In some embodiments, the spacer 350 is a multi-layer structure and includes a first nitride layer 352, an oxide layer 354, and a second nitride layer 356, wherein the oxide layer 354 is sandwiched between the first nitride layer 352 and the second nitride layer 356. The upper surfaces of the first insulating layer 310 and the second insulating layer 320 may be further protected by a mask after the spacer 350 is formed.

Referring to fig. 5, an etching process is performed to remove a portion of the second oxide layer 112 and the second polysilicon layer 102. The etching process stops on second polysilicon layer 102 such that sidewalls of second polysilicon layer 102 are exposed to trenches 340.

Referring to fig. 6, the second polysilicon layer 102 (see fig. 5) is removed by wet etching. Second polysilicon layer 102 may also be considered a sacrificial layer. After second polysilicon layer 102 is removed, a cavity 342 is formed between first oxide layer 111 and second oxide layer 112. The portion of the vertical channel structure 330 between the first oxide layer 111 and the second oxide layer 112 is exposed to the cavity 342.

Referring to fig. 7, a series of etching processes are performed to remove the portion of the memory layer 332 exposed by the portion of the vertical via structure 330. For example, a first etchant having an etch rate for oxide greater than an etch rate for nitride and a second etchant having an etch rate for nitride greater than an etch rate for oxide may be used to remove the exposed portion of the memory layer 332, where the memory layer 332 is an oxide-nitride-oxide layer. While the exposed portion of the memory layer 332 (i.e., the ono layer) is removed, the oxide layer 354 and the second nitride layer 356 (see fig. 6) of the spacers 350 and the first oxide layer 111 and the second oxide layer 112 (see fig. 6) are also removed in the process. Thus, the cavity 342 is enlarged after the removal step. The first nitride layer 352 of the spacer 350 remains on the sidewalls of the trench 340.

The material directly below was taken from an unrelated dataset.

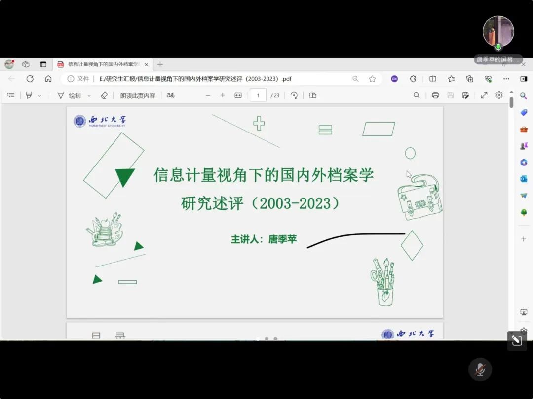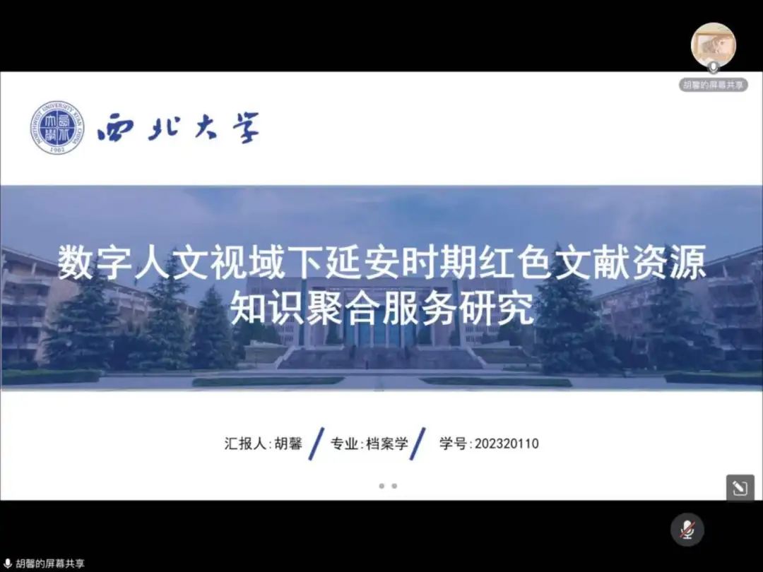 2023级档案学专业研究生胡馨汇报的题目是《数字人文视域下延安时期红色文献资源知识聚合服务研究》,当前延安时期红色文献资源面临资源分散、文献老化、利用率低等诸多挑战,如何深层次挖掘和利用延安时期红色文献资源是学界关注的新问题,该研究以数字人文为研究视角,对这一问题进行探索,分析延安时期红色文献资源开发的必要性,梳理现有研究,明确知识聚合服务的现实路径,设计并阐述延安时期红色文献资源知识聚合模式,最后以杨家岭相关红色文献资源为例,进行实证性研究。

In some embodiments, not only the exposed portion of the memory layer 332 is removed, but also the end points of the portion of the memory layer 332 covered by the first polysilicon layer 101 and the third polysilicon layer 103 are correspondingly recessed after the exposed portion of the memory layer 332 is removed. In some embodiments, storage layer 332 includes an upper section 332U and a lower section 332L, wherein upper section 332U and lower section 332L are separated by a cavity 342.

In some embodiments, the upper surface of the lower section 332L of the memory layer 332 is lower than the topmost surface of the first polysilicon layer 101. In some embodiments, the lower surface of the upper section 332U of the memory layer 332 is higher than the bottommost surface of the third polysilicon layer 103 and higher than the bottom surface of the third oxide layer 113. In some embodiments, a portion of the third oxide layer 113 adjacent to the memory layer 332 is also removed along with the removal of the exposed portion of the memory layer 332.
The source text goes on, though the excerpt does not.